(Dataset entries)
Content starts

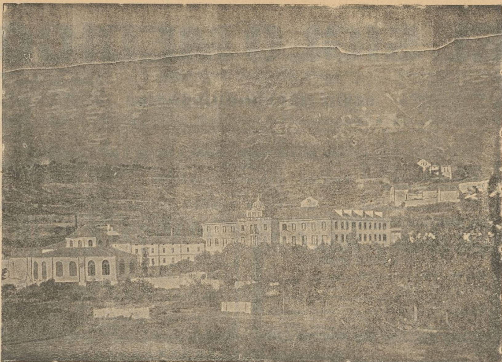
Vista del Balneario de Zuazo (Alava).
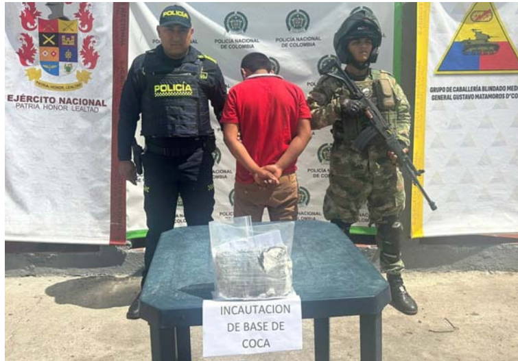
El sujeto fue capturado en flagrancia por el delito de tráfico, fabricación o porte de estupefacientes.

La tarea de acción decisiva fue desarrollada el martes 13 de agosto del 2024, luego de recibir información por parte de la misma comunidad sobre un sujeto que al parecer distribuía y fabricaba pas-
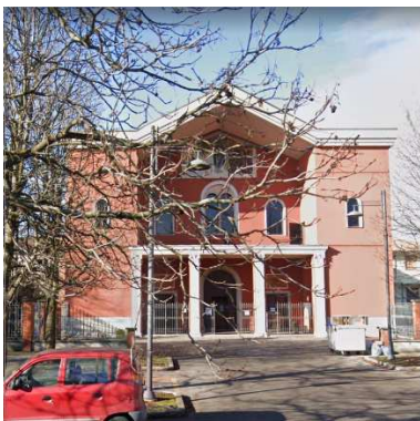
31. CHIESA BEATA VERGINE LAURETANA
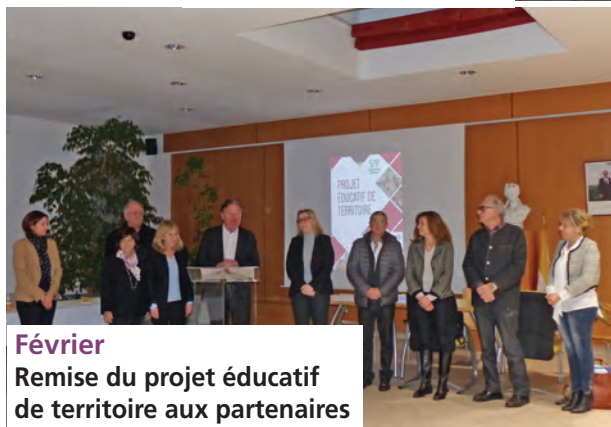
Février Remise du projet éducatif de territoire aux partenaires
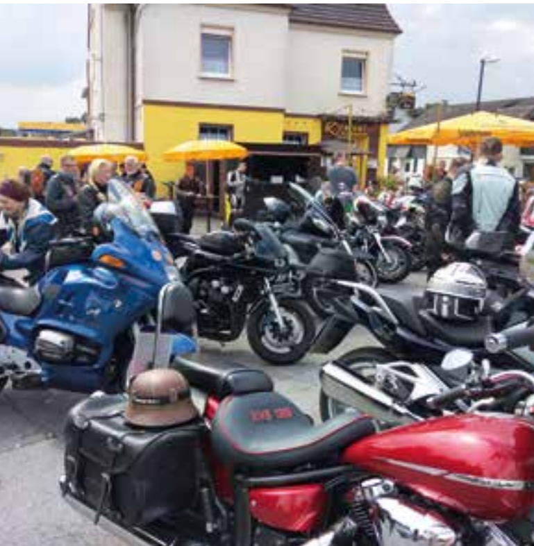
Treffen der Biker am Kreiseleck in Hengsen. Anschließend begleiteten sie Familie Raupach auf den ersten Kilometern ihrer Fahrt zur Nordsee.
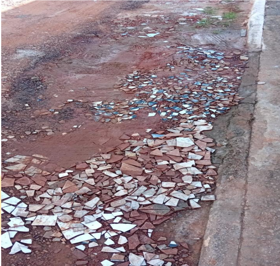
Figura 1 – Rua Alameda Anapolis - Bairro Jardim Europa.

Rio Branco - Acre, 22 de outubro de 2025.
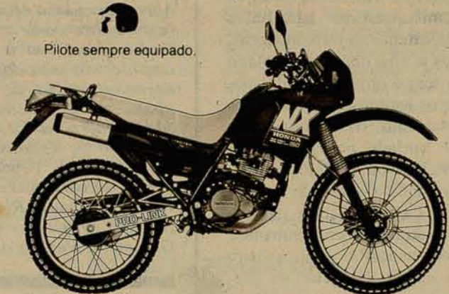
Pilote sempre equipado.

CARDIOPAR Av. São José, 738 - Cajuru Fone: (041) 362-1100 - Ramal 154 80.050 - Curitiba - PR
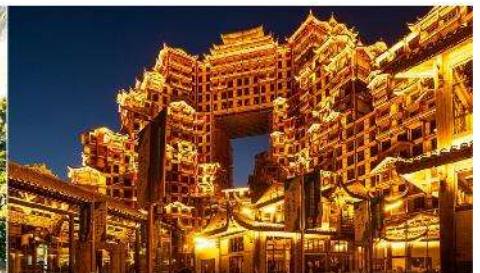
ตึก 72 ชั้น

*ทางบริษัทฯ ขอสงวนสิทธิ์ในการสลับโปรแกรมทัวร์ตามความเหมาะสมขึ้นอยู่กับสถานการณ์หน้างาน โดยคำนึงถึงผลประโยชน์ของลูกค้าเป็นสำคัญ
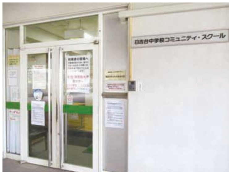
日吉台中学校コミュニティスクール入口

住所:横浜市港北区日吉本町4-9-1 電話:045-565-2840 FAX:045-565-2840 開館時間:日・月・水・木・土曜日 9時～21時 休館日:毎週火・金曜日 年末年始(12月29日～1月3日) 交通:市営地下鉄グリーンライン「日吉本町駅」 下車 徒歩7分 バス停:「日吉台中学校」下車
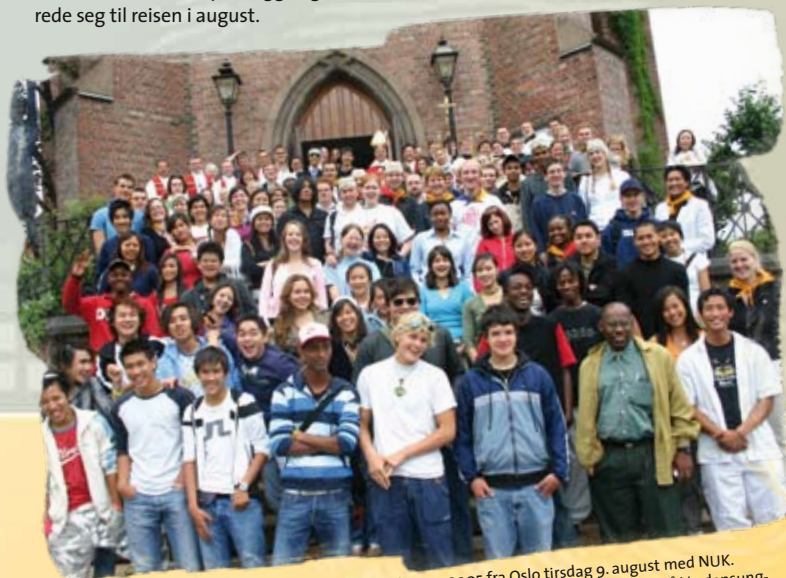
Alle deltakere som reiste til Verdensungdomsdagene 2005 fra Oslo tirsdag 9. august med NUK. Sammen med gruppene fra Kristiansand og Stavanger ble antallet norske deltakere på Verdensungdomsdagene 2005 over 200!!!

Aldri før har så mange pilegrimer fra Norge reist til Verdensungdomsdagene. Aldri før har det vært så viktig å følge opp ungdommen etter et slikt arrangement. Dette arbeidet er allerede i gang, og får helt klart minst ett avsnitt i årsrapporten for 2006 :).
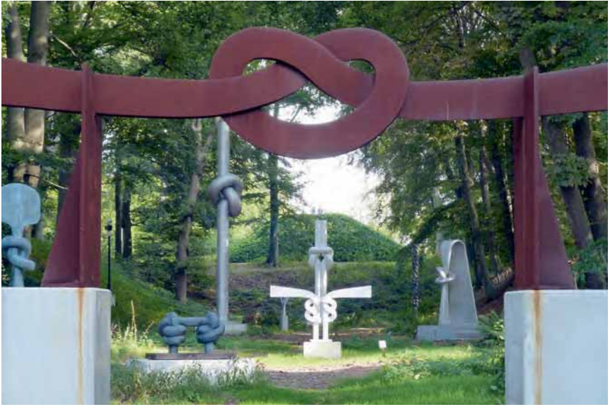
Afb. 1 De tentoongestelde werken van de Japans- Amerikaanse kunstenaar Shinkichi Tajiri worden gekenmerkt door 'de knoop' als centraal motief. Hij ziet daarin het symbool van eenheid, harmonie en verzoening.
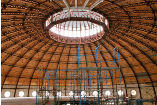
La fase di restauro della controcupola

L'imponente cupola esistente del Teatro è stata rivestita con una struttura progettata ad hoc per assicurarne una protezione idonea dal fuoco e la giusta correzione acustica della sala.
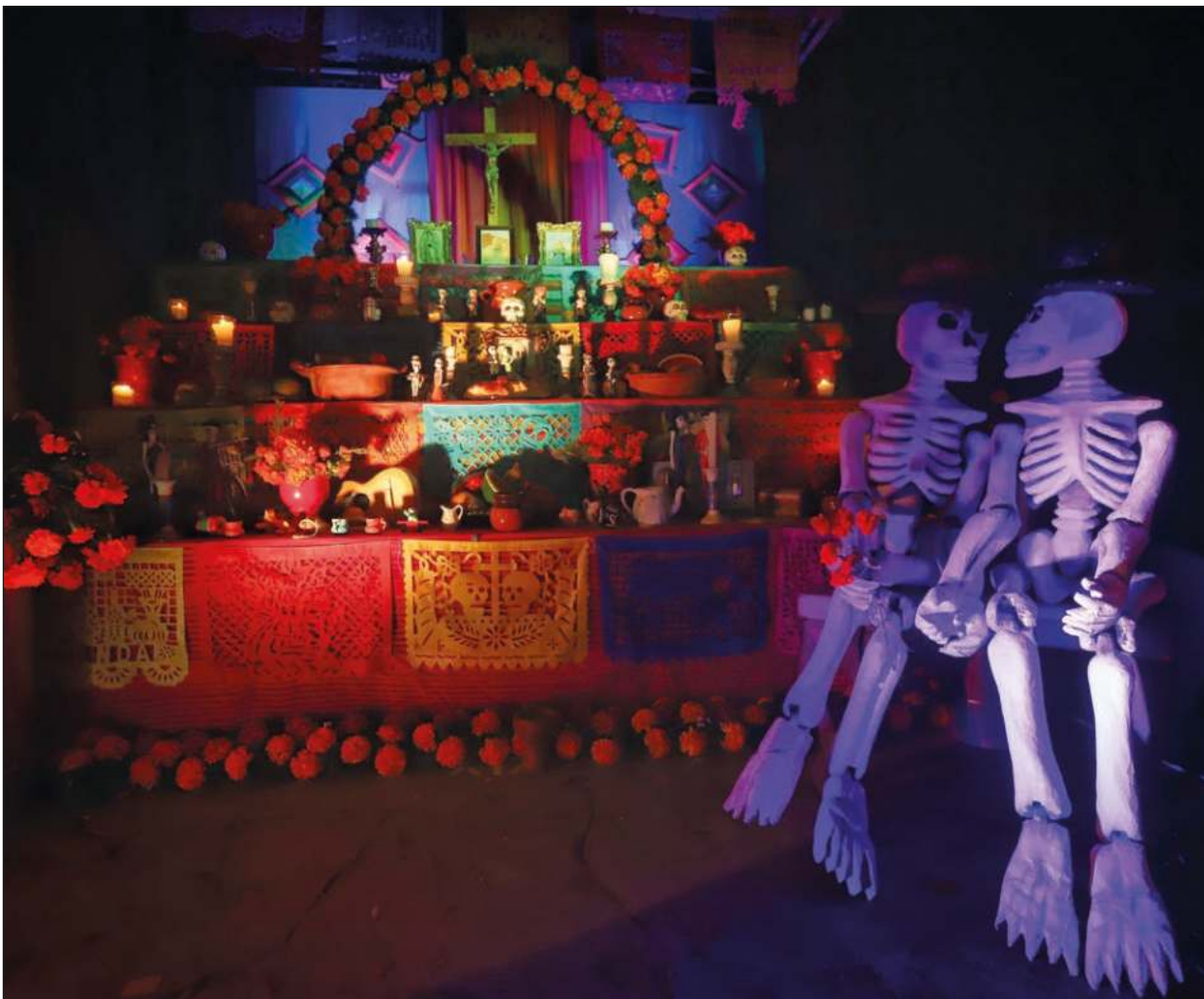
▲ El concurso de altares se realizará el 29 de octubre a las 17 horas en las instalaciones del planetario.

De igual forma, invitó a la ciudadanía de Tulum a que visite y compare los precios de todas las tiendas que presentarán el logo distintivo por El Buen Fin.
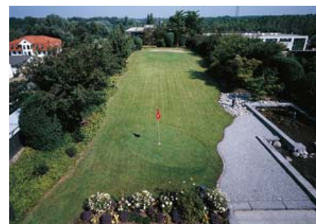
Eine bunte Gehölzemischung aus Forsythien, Weigelien, Sommerflieder und Felsenbirnen säumt das kleine Golfareal und wirkt als Windschutz.
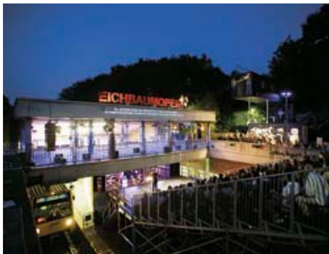
Oaktree Opera, Mülheim an der Ruhr / RaumlaborBerlin, Jan Liesegang, Matthias Rick, 2011

Veřejná prostranství – je nezbytně nutné pozorně sledovat změny, které probíhají na veřejných prostranstvích. Ačkoliv má stát ústavní povinnost zajistit rovné životní podmínky pro všechny své občany,
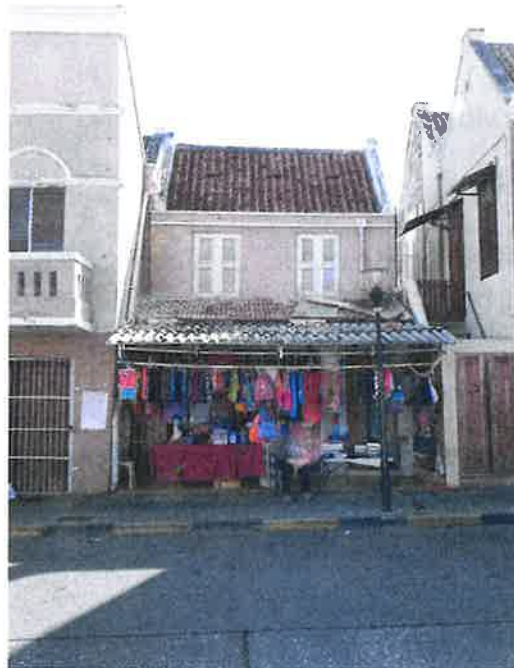
Foto 1 Vooraanzicht
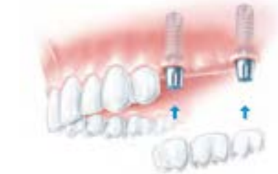
Die Implantate im Knochen | Die Implantat-Köpfe | Die Brücke vor Befestigung
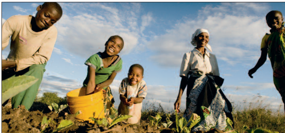
Bestemor Fineli med sine 4 barnebarn

Under her kan du lese en sterk historie om hva pengene vi gir til Kirkens nødhjelp brukes til.

Content ends

ABOUT THIS EXERCISE
The output is the stretch above from the line with "La fase di restauro della controcupola" through the line with "De igual forma, invitó", copied word for word with both ends kept and every picture dropped.

YOUR RESPONSE
La fase di restauro della controcupola

L'imponente cupola esistente del Teatro è stata rivestita con una struttura progettata ad hoc per assicurarne una protezione idonea dal fuoco e la giusta correzione acustica della sala.
▲ El concurso de altares se realizará el 29 de octubre a las 17 horas en las instalaciones del planetario.

De igual forma, invitó a la ciudadanía de Tulum a que visite y compare los precios de todas las tiendas que presentarán el logo distintivo por El Buen Fin.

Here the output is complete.